Email, text and telephone communication
We are committed to complying with the Unsolicited Electronic Messages Act 2007.
By subscribing to emails and/or text communications, or otherwise providing your email address and/or mobile number, you consent to receiving emails and/or texts (as the case may be) which promote and market our products and services, or the products and services of others, from time to time.
You can unsubscribe from our email communications and/or text communications at any time by clicking the “Unsubscribe” link in any promotional or marketing email or text received or by emailing firstname.lastname@example.org.

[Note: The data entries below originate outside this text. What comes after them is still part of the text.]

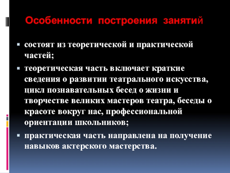 сведения о развитии театрального искусства, цикл познавательных бесед о жизни и творчестве великих мастеров театра, беседы о красоте вокруг нас, профессиональной ориентации школьников;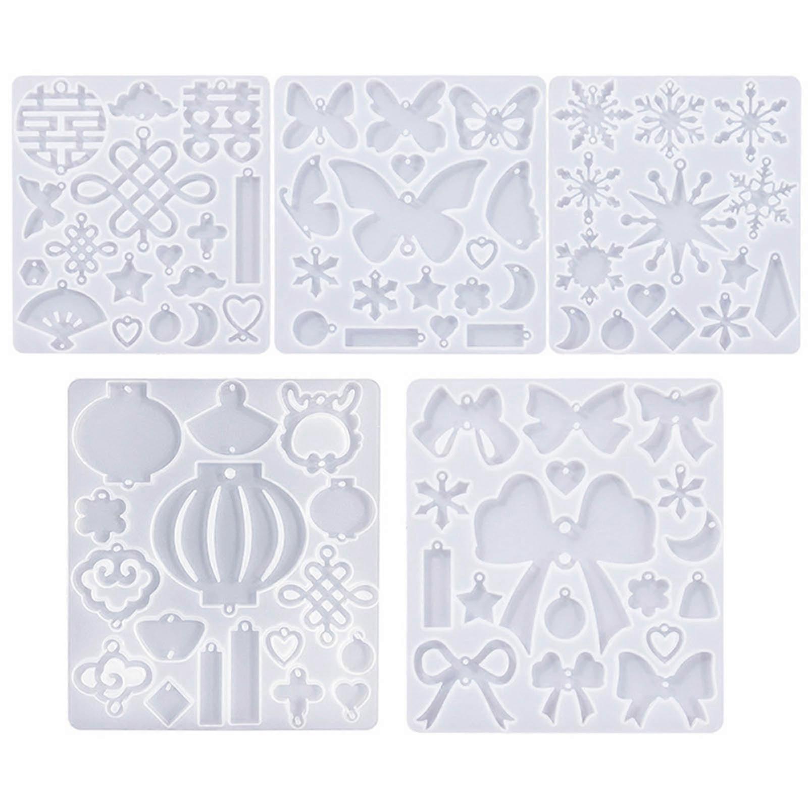 5pcs Snowflake Earrings Epoxy Resin Molds Silicone Mold Chinese Knot Pendant Casting Molds with Hole DIY Crafts Making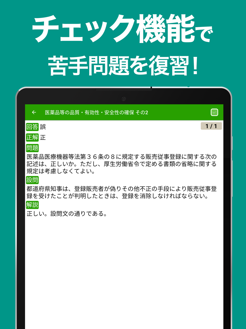 本アプリ「登録販売者 過去問 - 分野別一問一答と本番形式演習」は、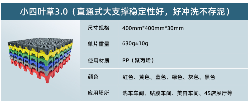 5、窄筋面層,易潔不存水實(shí)用性強(qiáng),美觀好用性價(jià)比高。 6、每片產(chǎn)品印有LOGO,售后無(wú)憂,高抗沖擊材料,質(zhì)保五年更耐用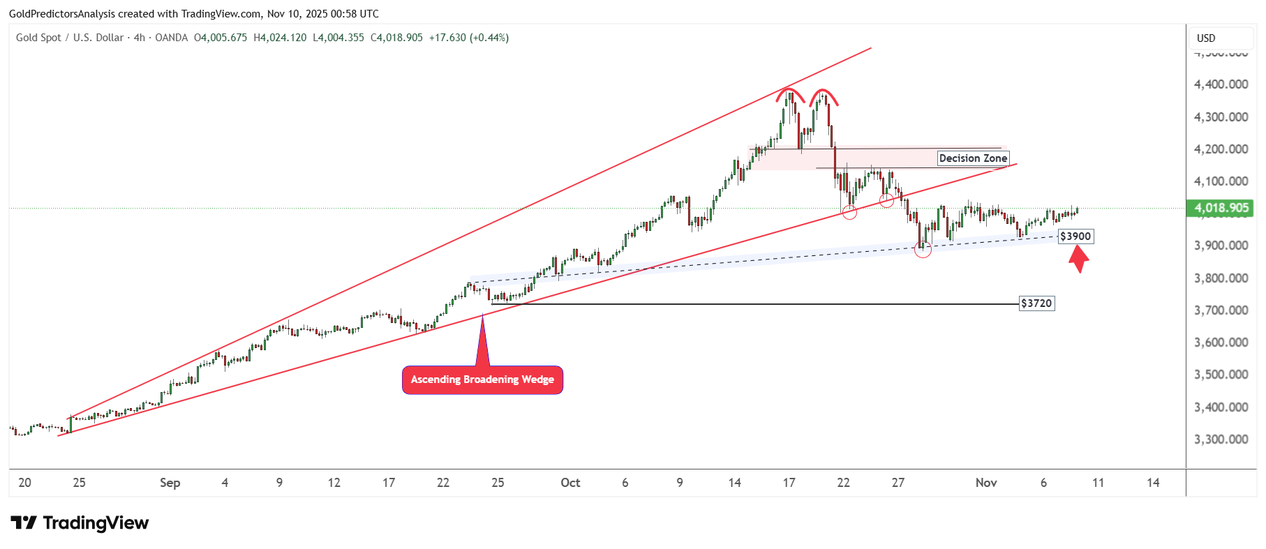 Trên khung 4 giờ, vàng giao ngay đã phá xuống khỏi mô hình nêm mở rộng tăng dần và đang hình thành đáy quanh vùng hỗ trợ 3,900 USD. Hiện giá đang củng cố trên đường xu hướng chấm đen quanh khu vực này. Tuy nhiên, nếu không thể vượt qua vùng 4,050 USD và rơi xuống dưới 3,900 USD, giá có thể tiếp tục giảm, với mục tiêu tiềm năng tại 3,720 USD.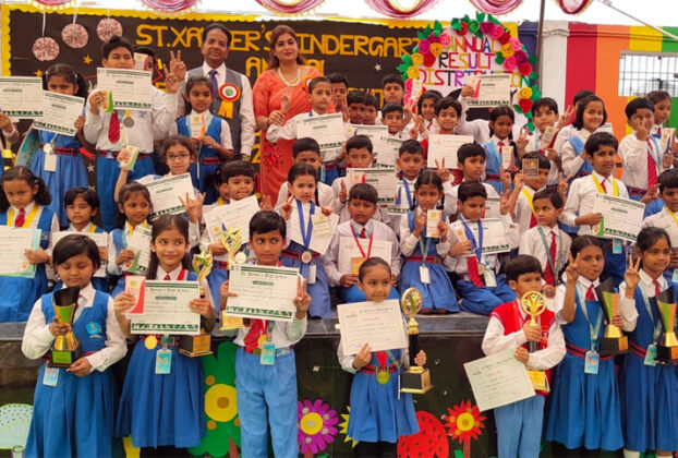 सेंट जेवियर्स किंडरगार्टन में नर्सरी से कक्षा तृतीय तक के विद्यार्थियों को वितरित किया वार्षिक रिजल्ट, कई बच्चों को दिया गया मेडल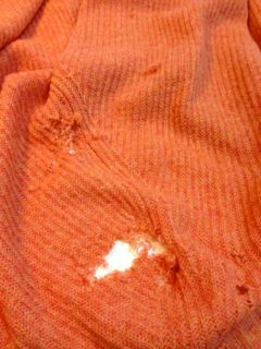 パパがお気に入りのサーモンピンクのカーディガン。とても綺麗な色でママもお気に入りだったのだけど…クローゼットの中でハンガーから落ちていたので掛け直そうとして気付きました…。。

Once you have unsubscribed from the email or text communications, you will be removed from the corresponding marketing list as soon as is reasonably practicable.
How can you access or correct personal information?
It is your responsibility to ensure that the personal information you provide is accurate, complete and up-to-date.
You may request access to the information we hold about you, or request that we update or correct any personal information we hold about you, or ask us to restrict or cease using and disclosing your personal information by setting out your request in writing and sending it to us at email@example.com.
We will review your request as soon as reasonably practicable to comply with our legal obligations. If we are unable to give you access to the information you have requested, we will give you reasons for this decision when we respond to your request.
We take your concerns seriously. If you have any concerns about privacy or the use or collection of your personal information by Anthony Harper please contact our Privacy Officer at firstname.lastname@example.org and include the words ‘ATT: THE PRIVACY OFFICER’ or call us on 09 920 6400.
We will respond as quickly as possible and handle all complaints in a way that is fair and consistent. However, if you remain dissatisfied, you can make a formal complaint with Office of the Privacy Commissioner.